Editor's Note: This story originally appeared in the January 2003 issue of
O, The Oprah Magazine.

I've been struggling with my weight since I was 22. I'm now almost 49, and ready for the battle to be over. I've lost and gained too many times to count. I've used food to relieve stress, for comfort, and to momentarily stand in for joy.

In 2001, when I was having chest palpitations, I really started to understand that too much weight is too hard on your heart. I took my own advice and made the connection: There is no true love of self if you're abusing your health.

In the past, every time I'd started a weight loss regimen, it was out of vanity. But I'm not a vain person by nature—so it was difficult to maintain a healthy weight just to stay a certain size (preferably 8).

In 1988, the nation watched while I starved myself (using a liquid diet) for four months so I could fit into a pair of jeans. I got down to 145 pounds—and stayed there for one day before the regaining began. I reached my highest weight in 1992, wobbling around at 237 pounds.

I couldn't stand to look in a mirror or look strangers in the eye—I was that disappointed in myself. So I started working out with Bob Greene, who from the beginning told me that my issues were not about weight. Weight was the symptom of a much bigger problem: my unwillingness to fully love, support, and give to myself on a daily basis what I so freely give to others.

We worked out together for a year. I lost the weight. Ran a marathon, and, give or take ten pounds, kept it off for four years. Then came my beef trial and my devastating disappointment over the box office response to Beloved. I emotionally ate my way back to around 200 pounds. That was my weight in August 2001 when I walked into my doctor's office complaining of heart palpitations. My blood pressure was 180/90. My doctor gave me a grave look and said, "You need to lose weight." "Tell me something I don't know," I thought smugly. I didn't take her advice seriously. After all, I'd been heavier and had never felt my heart racing. I'd had perfect blood pressure—110/70—for years, even at my heaviest.
I hadn't accounted for getting older and the effect of compounded weight on my heart, combined with hormonal changes. I kept going from doctor to doctor, trying to figure out why I couldn't sleep. I remember waking up many a night, my heart pounding, thinking, "I've done a lot of good work, I have a lot of beautiful things—which means nothing in this moment. I'm building a new house I may never get to see because I have a heart problem."

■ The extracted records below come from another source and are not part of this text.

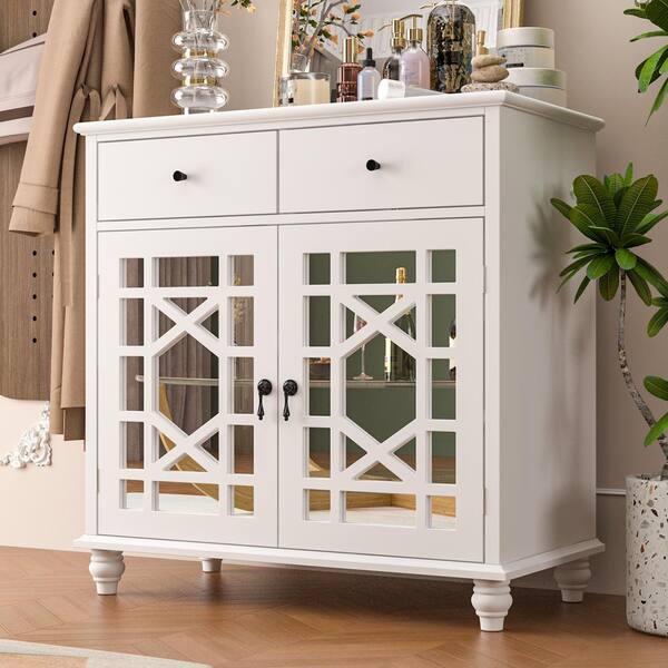 White MDF Wooden Accent Storage Cabinets, Sideboard, End Table with 2 Drawers, 2 Mirrored Doors & 2-Tier Shelves Inside
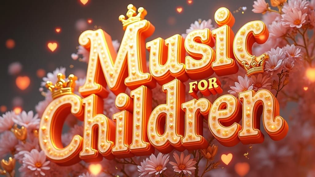 A striking 3D illustration spells out "MUSIC FOR CHILDREN" in an ornate font. The design features swirling patterns, hearts, crowns and glowing shapes, rendered in orange, white and gold, in a dreamlike aesthetic.
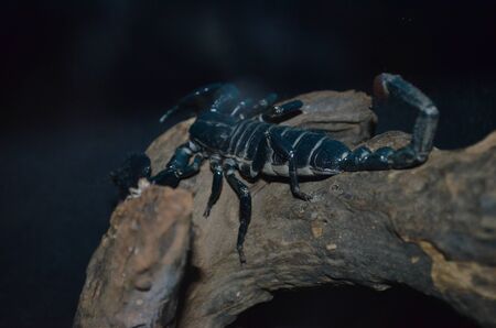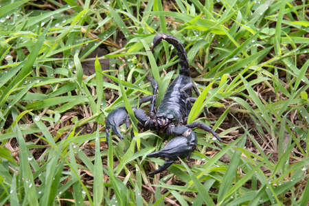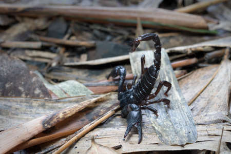 Big black scorpion lives in the wilderness, and hides under a burrow, it is a dangerous reptile that can harm human.
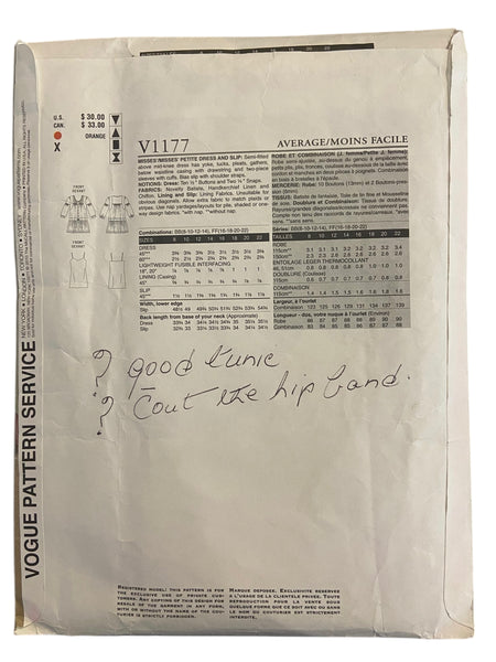 The pattern is complete and cut out, to the bust 34 inch size. the pieces are creased and some are cut out a little roughly. The instructions are present. The pattern envelope is in fair condition, it is creased.
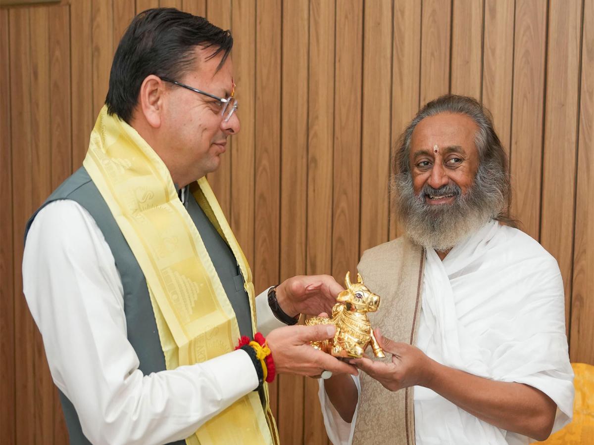 "Today I met Sri Sri Gurudev Ravi Shankar and sought his guidance. He is continuously advancing numerous social causes in the field of religion and spirituality. He is constantly guiding people onto the right path. Millions of people across the country are inspired by him and are working. May all our young people awaken patriotism within them and work for society," said Dhami.
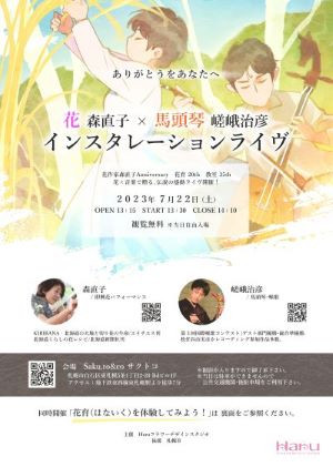 花作家・花育研究家であり花育の日本の先駆けである森直子(札幌市/「Haruフラワーデザインスタジオ」代表)は、花育20周年と教室35周年を記念して、音楽と花のインスタレーションライヴ「ありがとうをあなたへ」を、2023年7月22日 に、感謝とお礼を込めて、無料開催します。
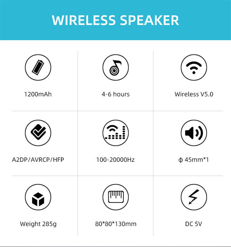 LED Light Mini Portable Wireless Speakers Desktop Subwoofer Stereo TWS Column Audio Center for Bluetooth Computer Soundbox
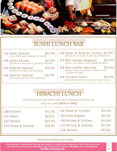 Wife and I go here at least once a month, $10 lunch is great too! Great staff, hibachi chefs are fun to interact with. Great place! Recommend to family and friends
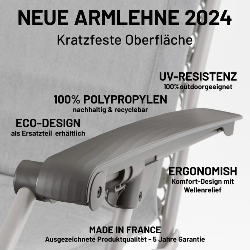 Die Armlehnen überzeugen mit einer kratzfesten Oberfläche und UV-resistentem Kunststoff. Hergestellt aus 100 % recycelbarem Polypropylen ist sie nicht nur nachhaltig, sondern auch ideal für den Outdoor-Einsatz geeignet. Ihr ergonomisches Design mit Wellenrelief garantiert höchsten Komfort.
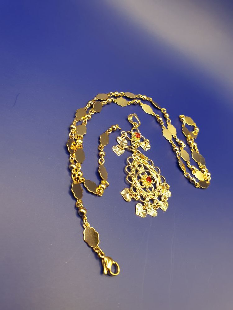 Collier & boucles d’oreilles , élégants dans le ton or, et habillé de joli forme ethnique de qualité, design asserti de petites pierres rouges en zirconium , vous assure une cérémonie tout en beauté
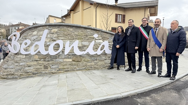 BEDONIA (PR) – Giovedì 12 febbraio 2026 è stata una giornata storica per Bedonia. Alla presenza del presidente della Regione Emilia-Romagna Michele De Pascale, del presidente della Provincia di Parma Alessandro Fadda e del sindaco di Bedonia Gianpaolo Serpagli, il borgo ha inaugurato ufficialmente il suo nuovo ingresso: un intervento di rigenerazione urbana che ha completamente riqualificato il raccordo tra via Aldo Moro, via Divisione Julia, via Monsignor Checchi e vicolo Moline.

Then I ran across Dr. Christiane Northrup's book The Wisdom of Menopause, which suggested eliminating refined carbohydrates—sugar and all the white foods that immediately convert to sugar in the body. I cut out white rice, white pasta and white breads. I reduced my salt intake. My blood pressure dropped. My heart stopped racing. I could sleep through the night, so I had more strength to work out. And I lost ten pounds almost immediately. At that point, I wasn't trying to lose weight—I was trying not to die.

I talked with Bob, who suggested I take this special time in my life (approaching the Big M) to "nail it for good. You know that two of the most drastic effects of aging are the loss of muscle and bone—and strength training is one of the best ways to counter both of them."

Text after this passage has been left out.